A few weeks ago, I hiked with some girlfriends. They are young, beautiful mamas and for some reason, they like hiking with me. I have about fifteen years on them and pounds. We hike in some beautiful mountains behind my house. We hike hills. Big, hairy, fat hills that kick us in the butt.
There is a hill on the hike that I felt like sprinting up (I use the word sprint loosely.) I challenged the girls and up we went. Think molasses, pouring uphill, in the winter. Anyway, I kept going to the top. I about died except for the fact that the girls were cheering for me. “Look at her go!” “She’s forty-five and look at her go!” I didn’t think much of it and I am not writing this to brag. If you happened to see me go up the hill, you’d know there is no bragging to be done.

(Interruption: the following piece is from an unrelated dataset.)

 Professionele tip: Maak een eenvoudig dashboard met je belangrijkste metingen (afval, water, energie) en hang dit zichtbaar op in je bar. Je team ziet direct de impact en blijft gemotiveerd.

Here’s what struck me days later. I never think, “Look at me, I am forty-five and I can hike/sprint/run up hills! Awesome!” It’s more like this, “You should be doing such and such. You shouldn’t be eating that! You should be moving your bleep. You’re slow!” I’m harsh. I beat myself up. My inner dialogue is brutal. I didn’t even realize it ’til my sweet friends were cheering me on saying they hope they can do what I do when they are forty-five. It shocked me.
I’ve been pondering it ever since and I realize that I want my inner dialogue to cheer for me, not tear me down. I want to see myself as others see me.

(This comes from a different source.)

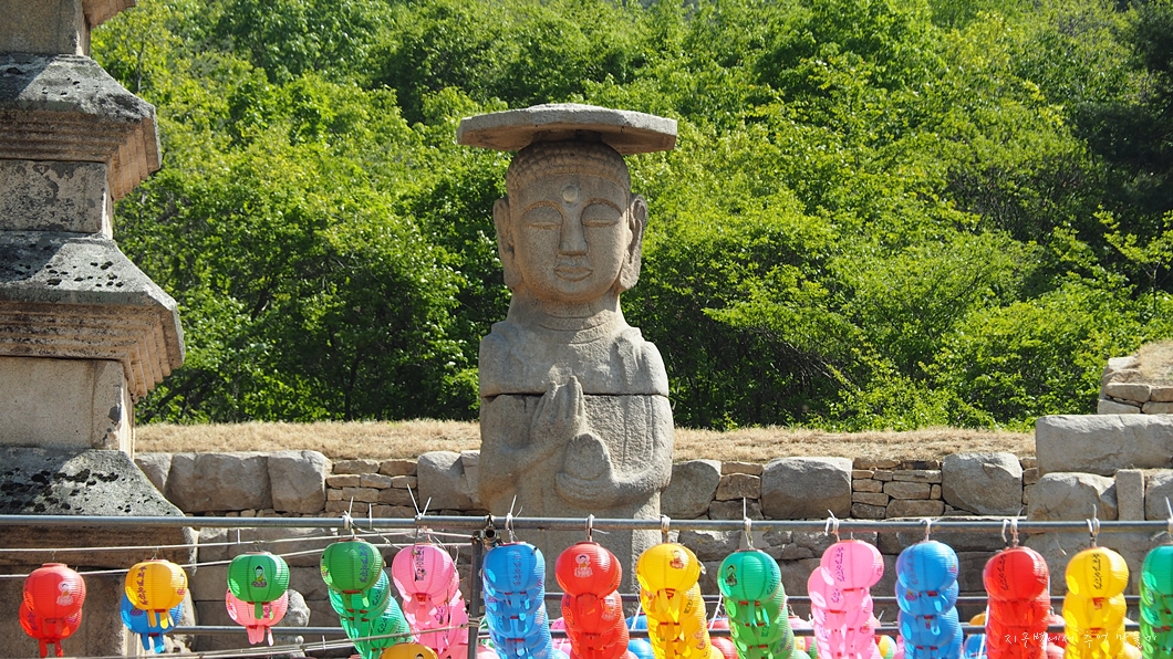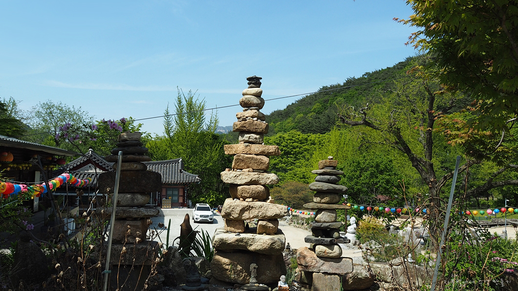 입상이 보이는 절 입구에 서서 크게 한번 더 둘러보고요.

I’m so grateful to those girls for cheering me on. It went deeper than I ever imagined. I am now much more aware of my inner dialogue. I stop myself when I am being harsh with myself. I am praying for a more truthful view of myself. I will fist-pump myself when I sprint up a hill. Because after all, forty-five IS the new jive.
Are you aware of your inner dialogue? What steps can you take to be gentle with yourself in your inner dialogue?